Data shown: Begin

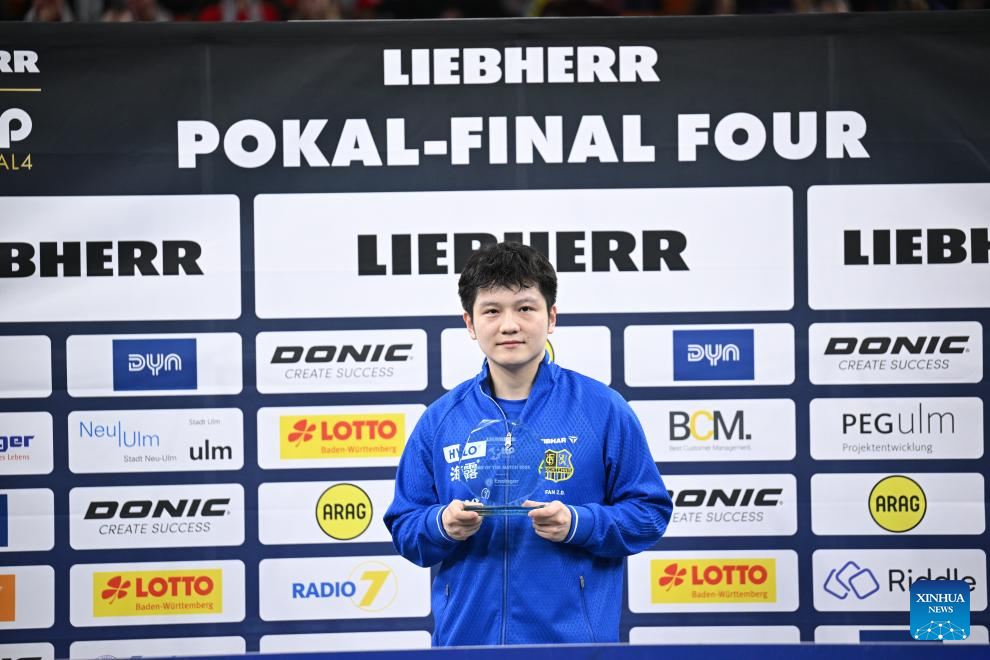 BERLIN, Jan. 5 (Xinhua) -- Chinese table tennis star Fan Zhendong claimed his first overseas club title after leading 1. FC Saarbrucken Tischtennis to a 3-1 victory over TTC RhonSprudel Fulda-Maberzell in the German Cup final in Neu-Ulm on Sunday.
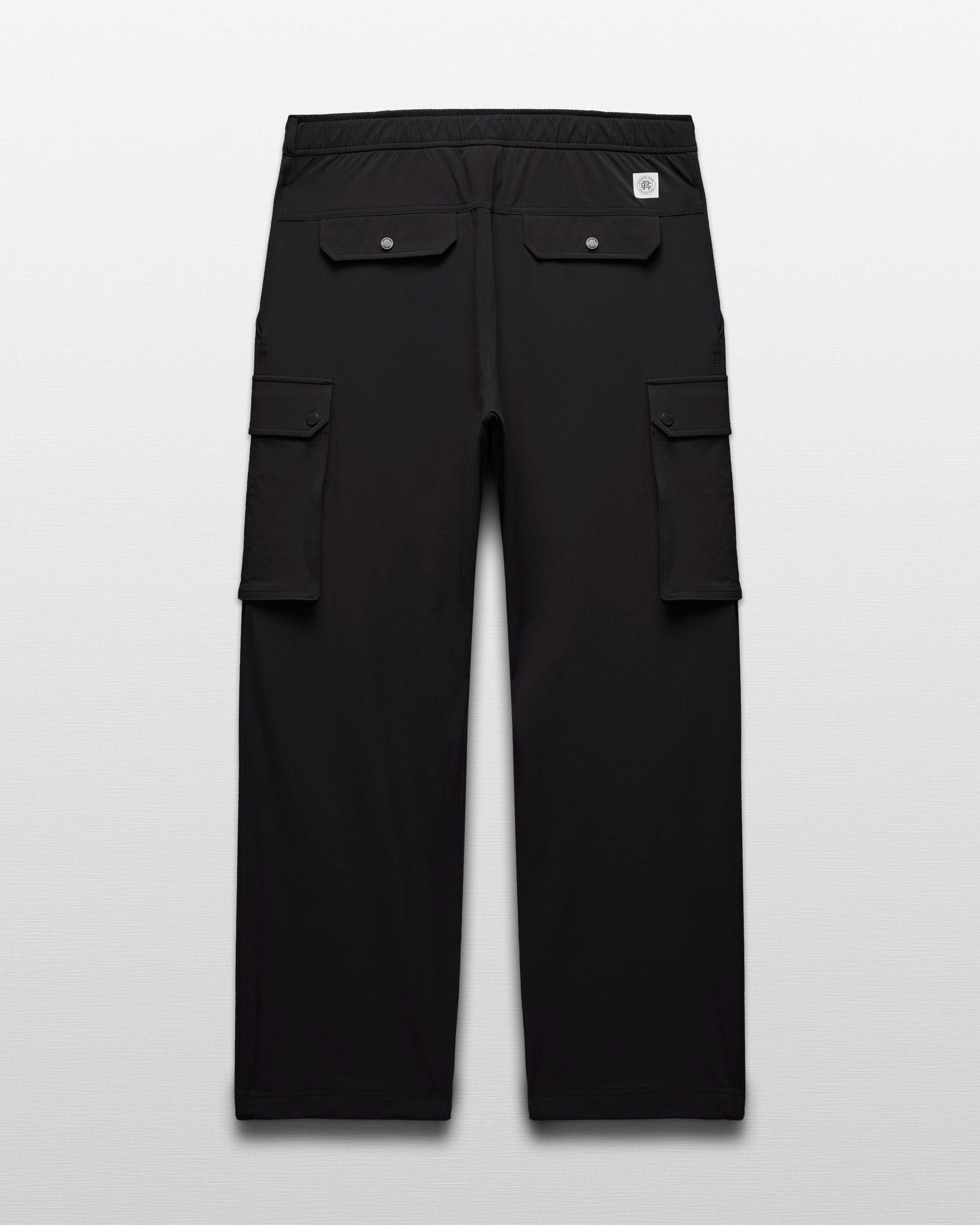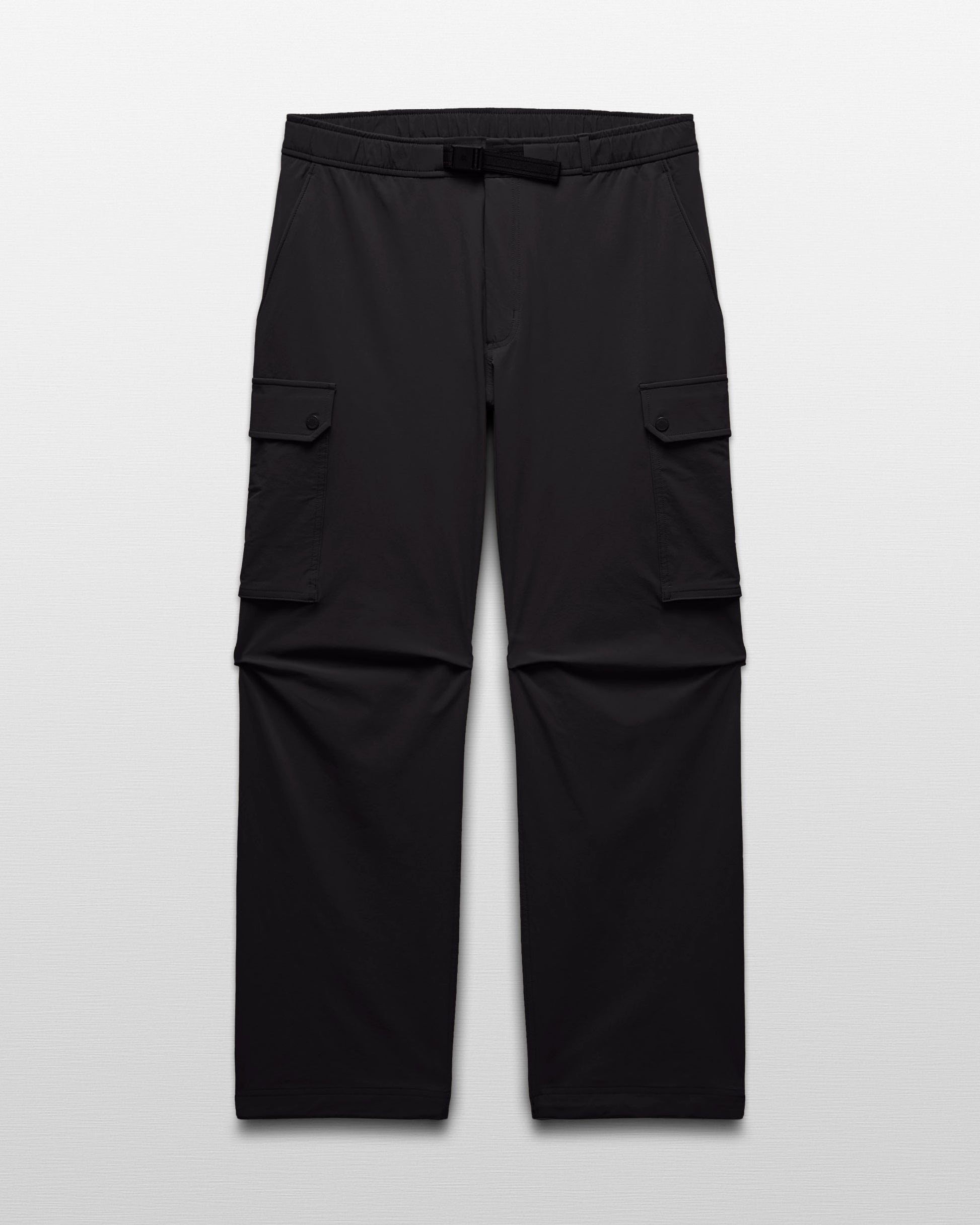 This two-way stretch nylon cargo pant is designed for active pursuits. Featuring an oxford weave reverse, it's abrasion-resistant and treated with a durable water-repellent finish. Engineered for modern utility with a built-in webbing belt, secure zip pockets, metal snap cargo pockets, and shock cord cuffs for adjustability.
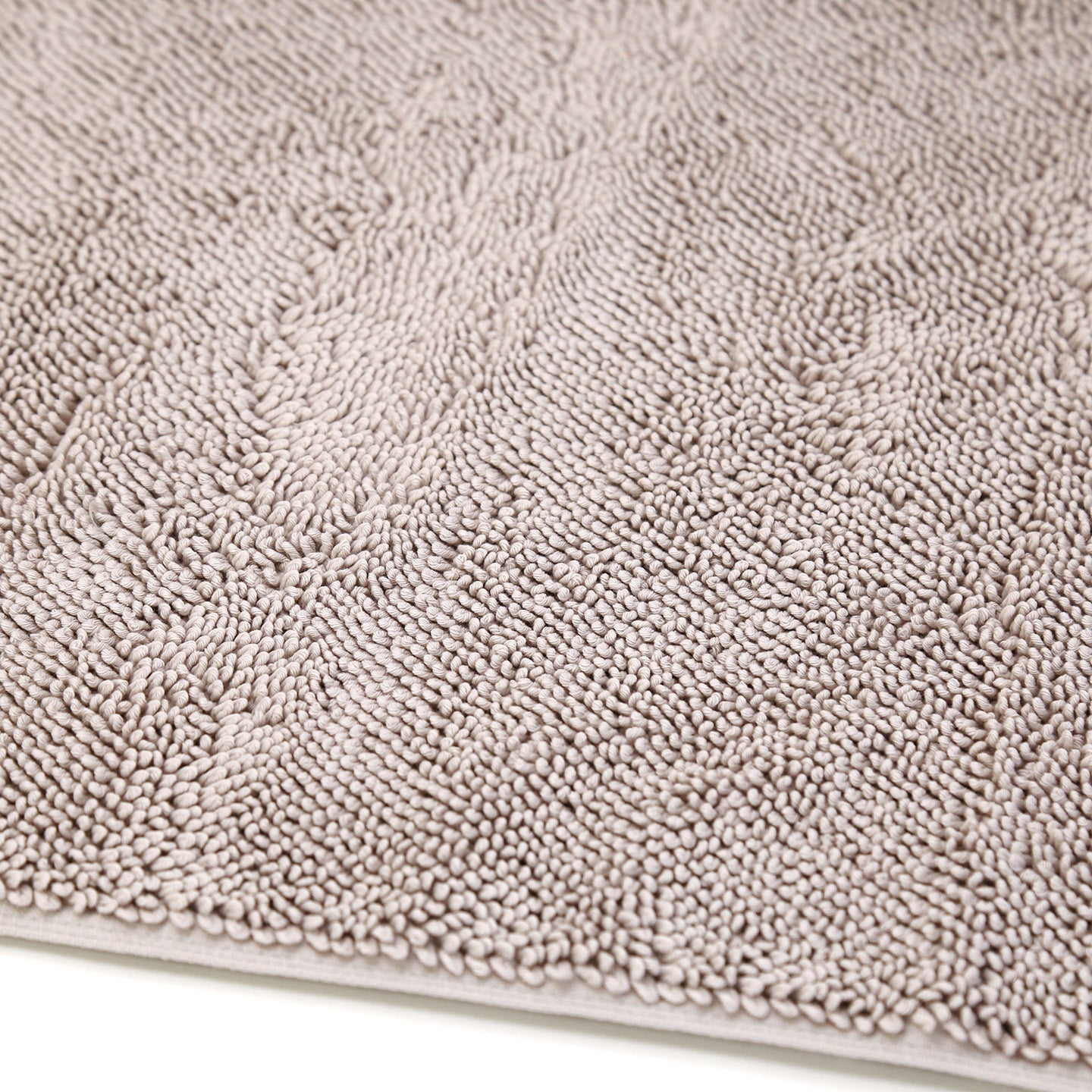 Organic cotton bath mat, expertly crafted in Turkey using 100% certified organic cotton. Featuring a thick, deep looped pile, this mat provides a plush underfoot feel while remaining reversible for enhanced durability and extended life. The towelling-style texture ensures superior absorbency and quick drying.
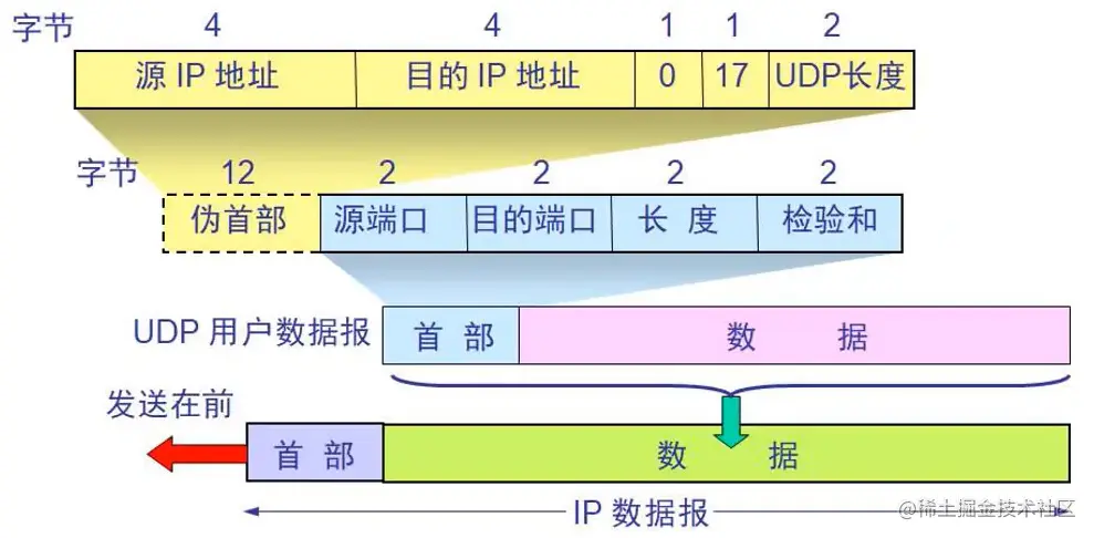伪首部 + 首部 + 数据- 伪首部:仅在计算检验和时起作用,并不会传递给网络层;这是协议栈规定的,为了增强我们的检验功能,其固定是1

Data shown: End

*What you are asked to do:* Write out the material above without changing a word, and skip any picture.

*Response area:*
 BERLIN, Jan. 5 (Xinhua) -- Chinese table tennis star Fan Zhendong claimed his first overseas club title after leading 1. FC Saarbrucken Tischtennis to a 3-1 victory over TTC RhonSprudel Fulda-Maberzell in the German Cup final in Neu-Ulm on Sunday.
 This two-way stretch nylon cargo pant is designed for active pursuits. Featuring an oxford weave reverse, it's abrasion-resistant and treated with a durable water-repellent finish. Engineered for modern utility with a built-in webbing belt, secure zip pockets, metal snap cargo pockets, and shock cord cuffs for adjustability.
 Organic cotton bath mat, expertly crafted in Turkey using 100% certified organic cotton. Featuring a thick, deep looped pile, this mat provides a plush underfoot feel while remaining reversible for enhanced durability and extended life. The towelling-style texture ensures superior absorbency and quick drying.
伪首部 + 首部 + 数据- 伪首部:仅在计算检验和时起作用,并不会传递给网络层;这是协议栈规定的,为了增强我们的检验功能,其固定是1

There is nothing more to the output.